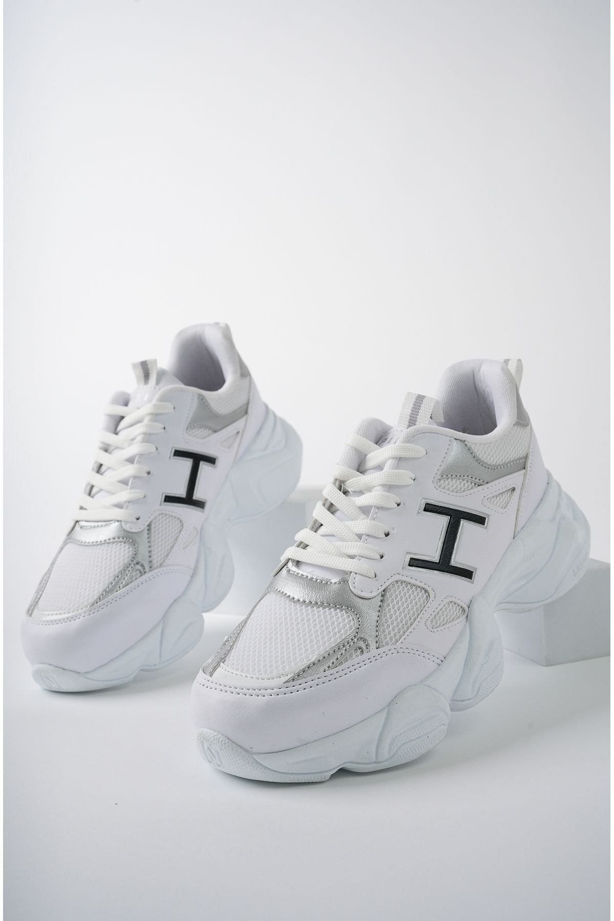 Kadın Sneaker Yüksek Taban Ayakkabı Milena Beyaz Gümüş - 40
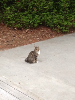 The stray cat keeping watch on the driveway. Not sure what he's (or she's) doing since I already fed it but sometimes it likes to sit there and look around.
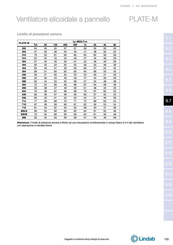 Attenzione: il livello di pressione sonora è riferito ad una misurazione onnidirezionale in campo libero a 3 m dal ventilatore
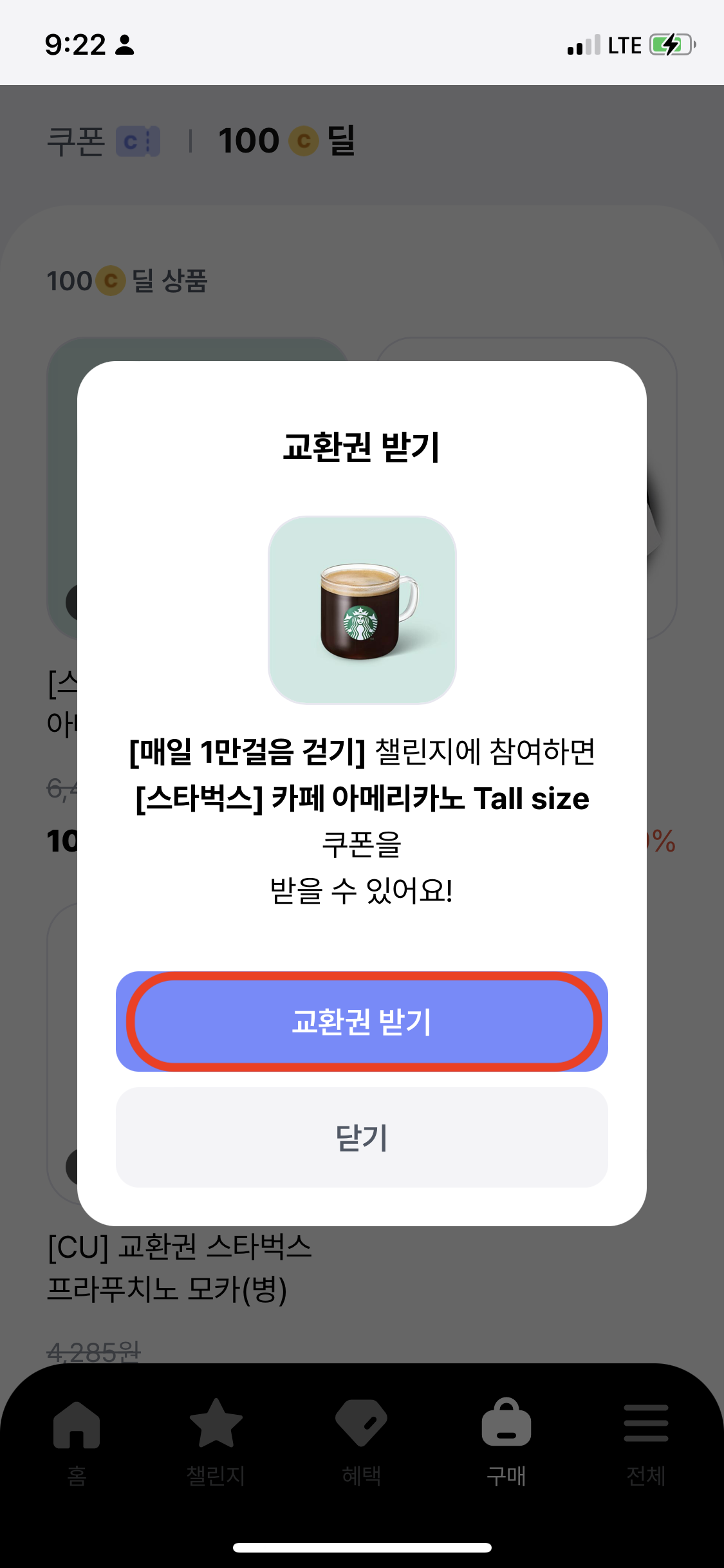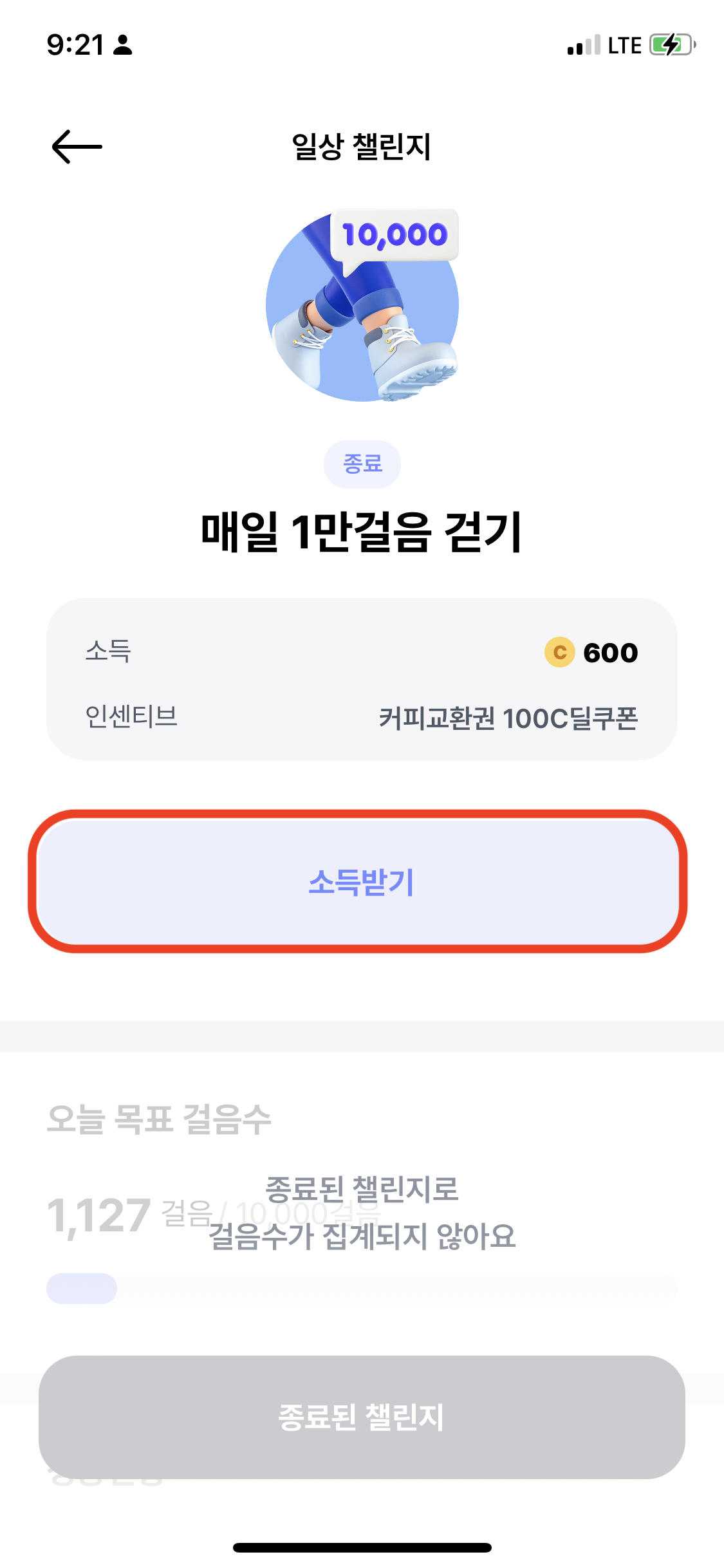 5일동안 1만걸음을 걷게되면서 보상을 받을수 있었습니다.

====

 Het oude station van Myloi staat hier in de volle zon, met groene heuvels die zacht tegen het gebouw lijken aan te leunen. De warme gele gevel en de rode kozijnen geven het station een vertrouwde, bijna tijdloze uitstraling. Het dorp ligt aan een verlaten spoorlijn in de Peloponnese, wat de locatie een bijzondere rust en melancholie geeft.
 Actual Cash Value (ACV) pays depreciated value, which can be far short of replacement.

====

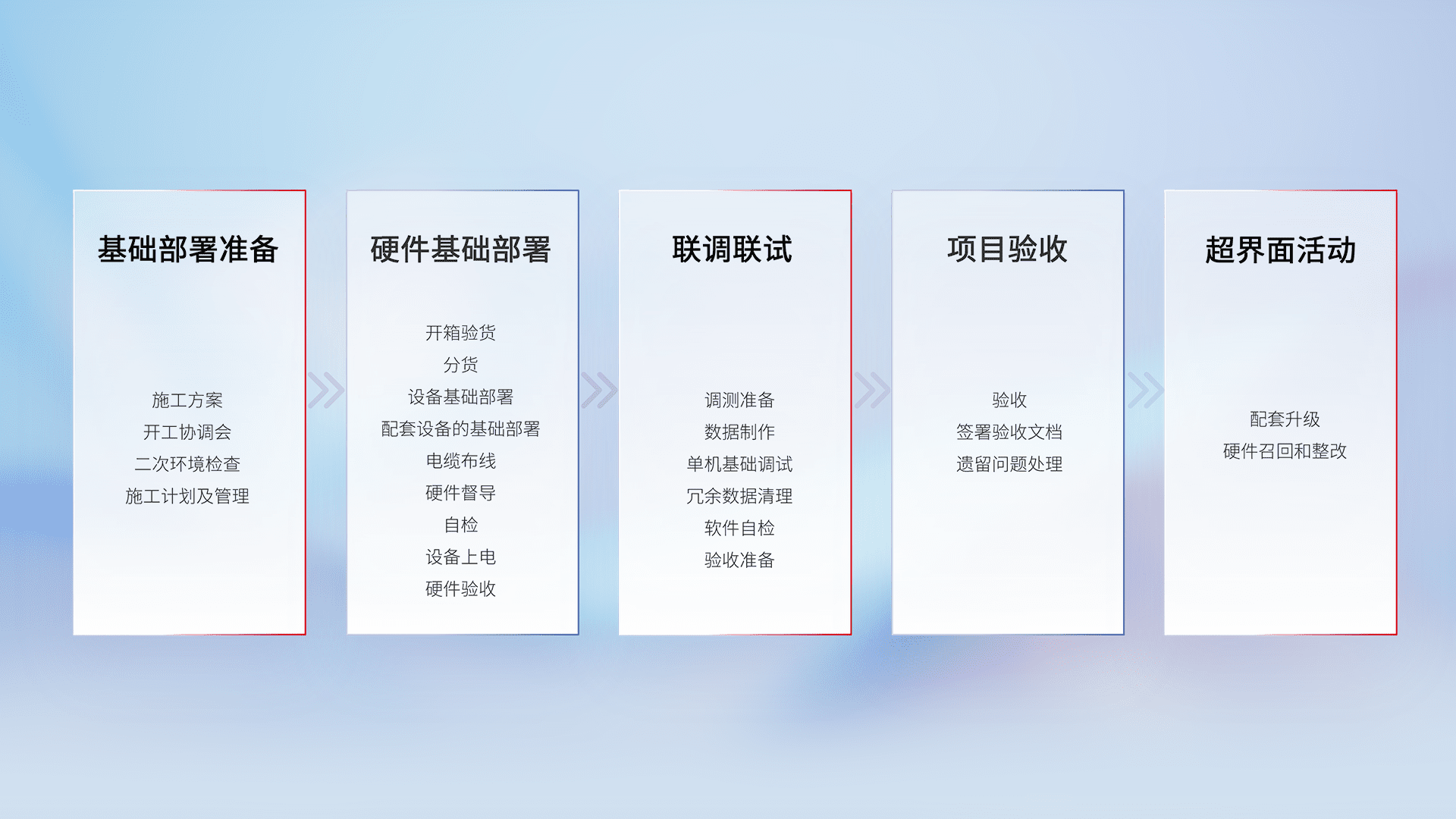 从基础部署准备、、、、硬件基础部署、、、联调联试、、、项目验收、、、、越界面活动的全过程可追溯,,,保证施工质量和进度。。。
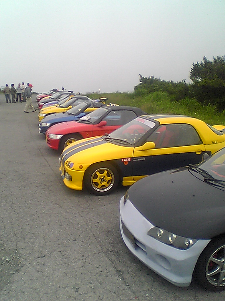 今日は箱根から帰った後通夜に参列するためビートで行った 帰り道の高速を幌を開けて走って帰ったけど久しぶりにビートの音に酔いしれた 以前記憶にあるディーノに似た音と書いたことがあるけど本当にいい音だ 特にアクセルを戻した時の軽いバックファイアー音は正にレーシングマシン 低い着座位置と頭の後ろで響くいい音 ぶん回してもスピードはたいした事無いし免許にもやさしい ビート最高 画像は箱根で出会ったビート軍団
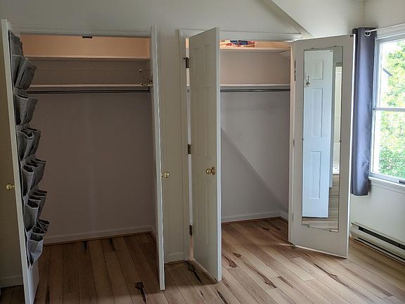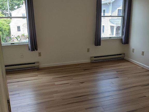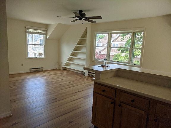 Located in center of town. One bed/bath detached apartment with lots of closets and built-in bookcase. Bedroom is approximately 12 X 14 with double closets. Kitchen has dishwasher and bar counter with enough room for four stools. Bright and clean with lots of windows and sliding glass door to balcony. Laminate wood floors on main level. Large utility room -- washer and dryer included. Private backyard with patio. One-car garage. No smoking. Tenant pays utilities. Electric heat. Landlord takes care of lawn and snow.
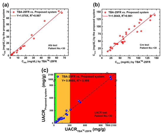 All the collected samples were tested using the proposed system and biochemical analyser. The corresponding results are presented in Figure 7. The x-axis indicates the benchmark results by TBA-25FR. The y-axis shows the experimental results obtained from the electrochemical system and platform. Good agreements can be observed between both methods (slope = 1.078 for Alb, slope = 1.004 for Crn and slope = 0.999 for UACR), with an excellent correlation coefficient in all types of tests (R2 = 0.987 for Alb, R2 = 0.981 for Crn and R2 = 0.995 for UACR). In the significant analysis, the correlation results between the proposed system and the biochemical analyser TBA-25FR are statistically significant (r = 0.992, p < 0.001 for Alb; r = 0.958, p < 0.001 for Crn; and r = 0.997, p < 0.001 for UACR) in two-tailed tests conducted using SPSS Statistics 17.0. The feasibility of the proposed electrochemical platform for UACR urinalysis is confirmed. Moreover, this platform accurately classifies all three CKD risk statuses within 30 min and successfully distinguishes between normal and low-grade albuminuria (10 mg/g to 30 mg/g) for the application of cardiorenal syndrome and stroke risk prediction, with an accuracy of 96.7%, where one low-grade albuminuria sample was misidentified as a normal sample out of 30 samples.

====

* **Assigned task**:
Exactly as written above, retype the lines starting at the one holding "Located in center" and ending at the one holding "All the collected", both included, but not the pictures.

* **Task answer**:
 Located in center of town. One bed/bath detached apartment with lots of closets and built-in bookcase. Bedroom is approximately 12 X 14 with double closets. Kitchen has dishwasher and bar counter with enough room for four stools. Bright and clean with lots of windows and sliding glass door to balcony. Laminate wood floors on main level. Large utility room -- washer and dryer included. Private backyard with patio. One-car garage. No smoking. Tenant pays utilities. Electric heat. Landlord takes care of lawn and snow.
 All the collected samples were tested using the proposed system and biochemical analyser. The corresponding results are presented in Figure 7. The x-axis indicates the benchmark results by TBA-25FR. The y-axis shows the experimental results obtained from the electrochemical system and platform. Good agreements can be observed between both methods (slope = 1.078 for Alb, slope = 1.004 for Crn and slope = 0.999 for UACR), with an excellent correlation coefficient in all types of tests (R2 = 0.987 for Alb, R2 = 0.981 for Crn and R2 = 0.995 for UACR). In the significant analysis, the correlation results between the proposed system and the biochemical analyser TBA-25FR are statistically significant (r = 0.992, p < 0.001 for Alb; r = 0.958, p < 0.001 for Crn; and r = 0.997, p < 0.001 for UACR) in two-tailed tests conducted using SPSS Statistics 17.0. The feasibility of the proposed electrochemical platform for UACR urinalysis is confirmed. Moreover, this platform accurately classifies all three CKD risk statuses within 30 min and successfully distinguishes between normal and low-grade albuminuria (10 mg/g to 30 mg/g) for the application of cardiorenal syndrome and stroke risk prediction, with an accuracy of 96.7%, where one low-grade albuminuria sample was misidentified as a normal sample out of 30 samples.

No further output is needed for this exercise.